▸ **Your instructions**: From the entries below, print exactly the span beginning with the line holding "AquaClear 50 Activated Carbon Filter Insert improves" and ending with the line holding "- Хорошее состояние, небольшие", endpoints included, and skip any pictures.
** Opening Recorded data block **
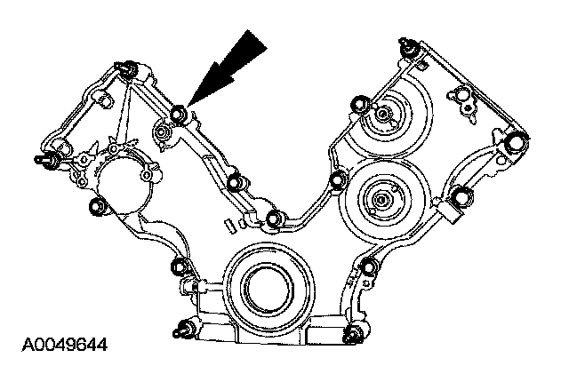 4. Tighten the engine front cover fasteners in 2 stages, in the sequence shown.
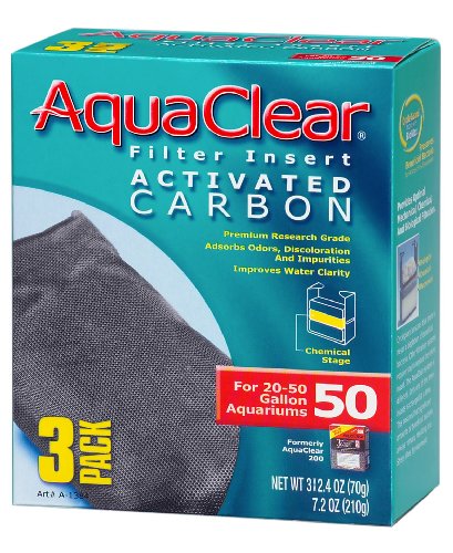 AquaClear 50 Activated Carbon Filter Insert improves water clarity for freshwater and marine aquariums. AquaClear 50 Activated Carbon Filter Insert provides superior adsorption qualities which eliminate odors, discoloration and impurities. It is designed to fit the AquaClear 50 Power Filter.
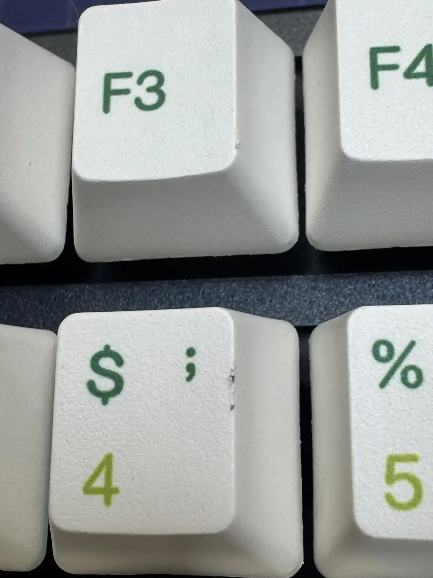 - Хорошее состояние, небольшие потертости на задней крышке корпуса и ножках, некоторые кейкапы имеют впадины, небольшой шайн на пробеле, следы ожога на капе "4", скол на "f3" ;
** Closing Recorded data block **
** Opening Recorded data block **
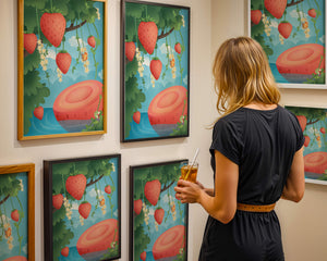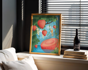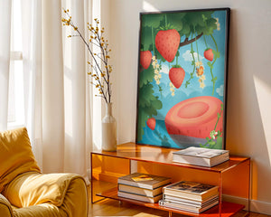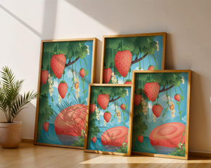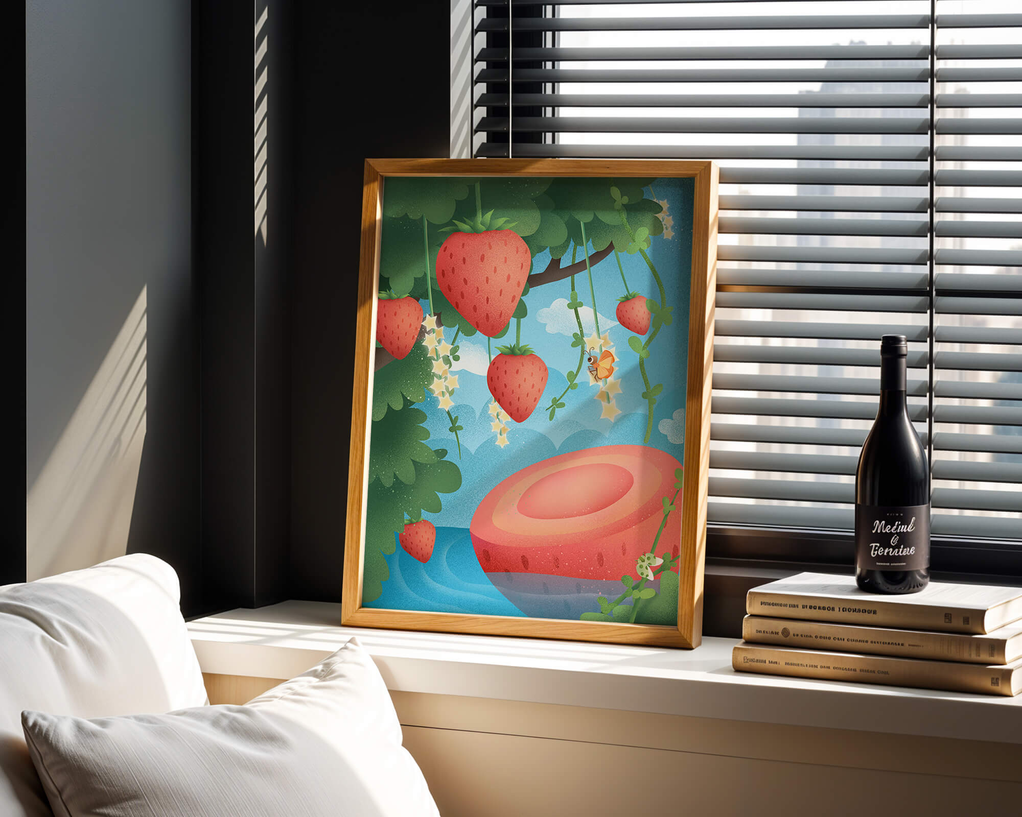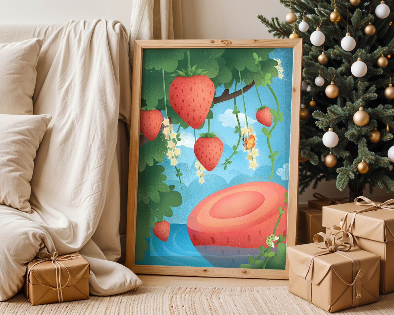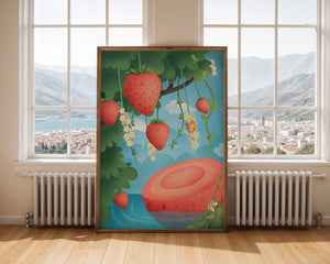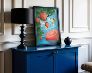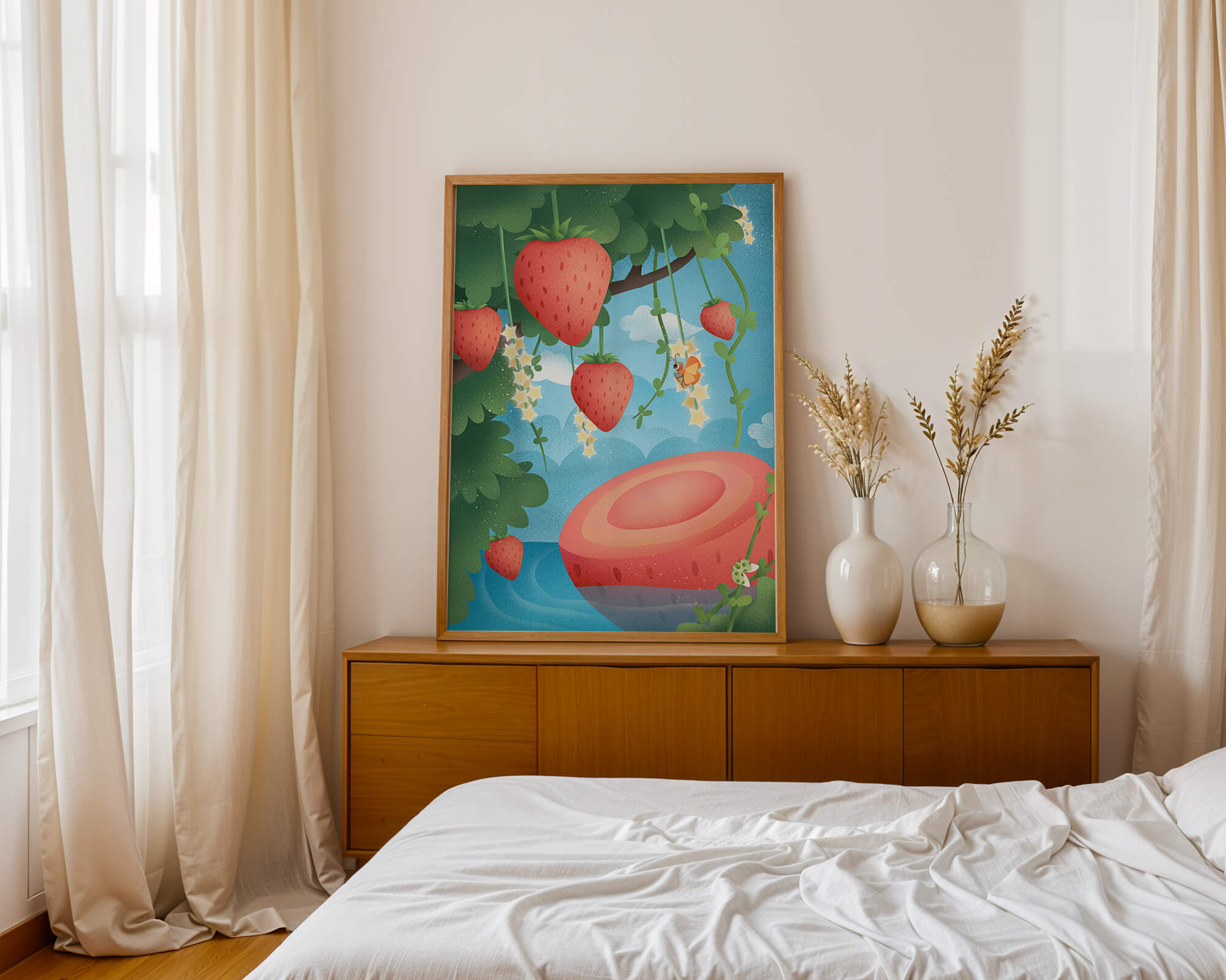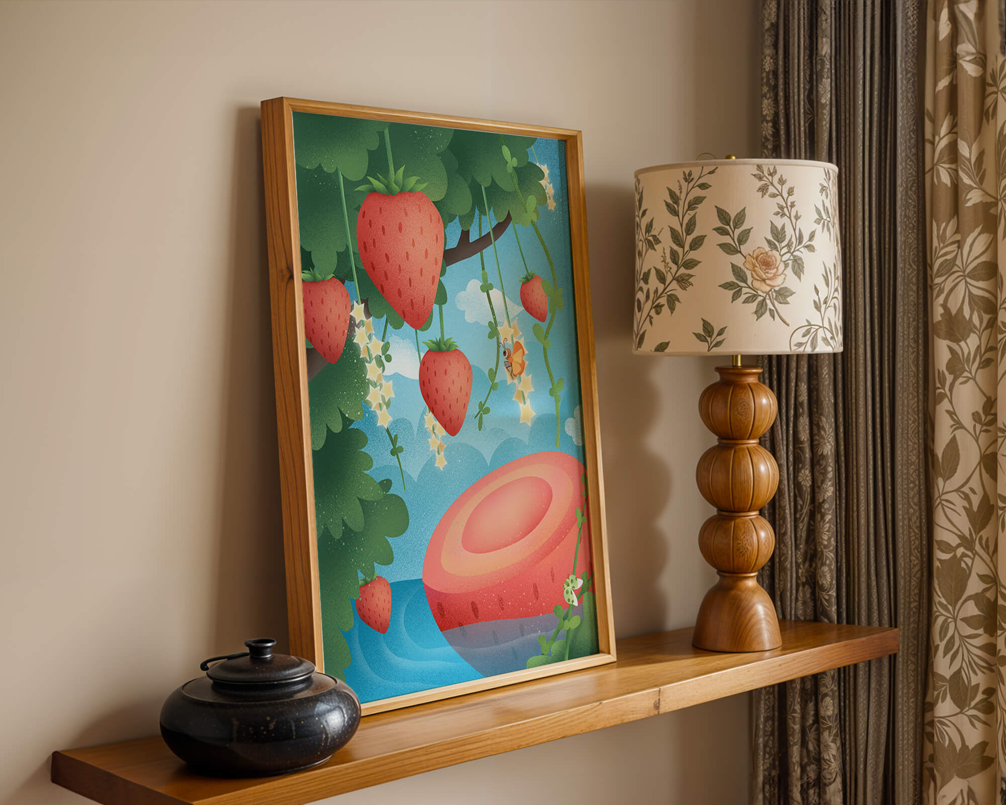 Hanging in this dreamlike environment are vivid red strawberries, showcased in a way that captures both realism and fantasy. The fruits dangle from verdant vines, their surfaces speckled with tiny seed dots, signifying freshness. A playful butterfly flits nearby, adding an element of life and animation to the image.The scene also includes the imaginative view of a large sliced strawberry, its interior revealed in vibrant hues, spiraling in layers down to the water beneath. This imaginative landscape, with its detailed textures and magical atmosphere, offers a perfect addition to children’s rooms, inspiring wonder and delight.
** Closing Recorded data block **
▸ **Solution to the exercise**:
 AquaClear 50 Activated Carbon Filter Insert improves water clarity for freshwater and marine aquariums. AquaClear 50 Activated Carbon Filter Insert provides superior adsorption qualities which eliminate odors, discoloration and impurities. It is designed to fit the AquaClear 50 Power Filter.
 - Хорошее состояние, небольшие потертости на задней крышке корпуса и ножках, некоторые кейкапы имеют впадины, небольшой шайн на пробеле, следы ожога на капе "4", скол на "f3" ;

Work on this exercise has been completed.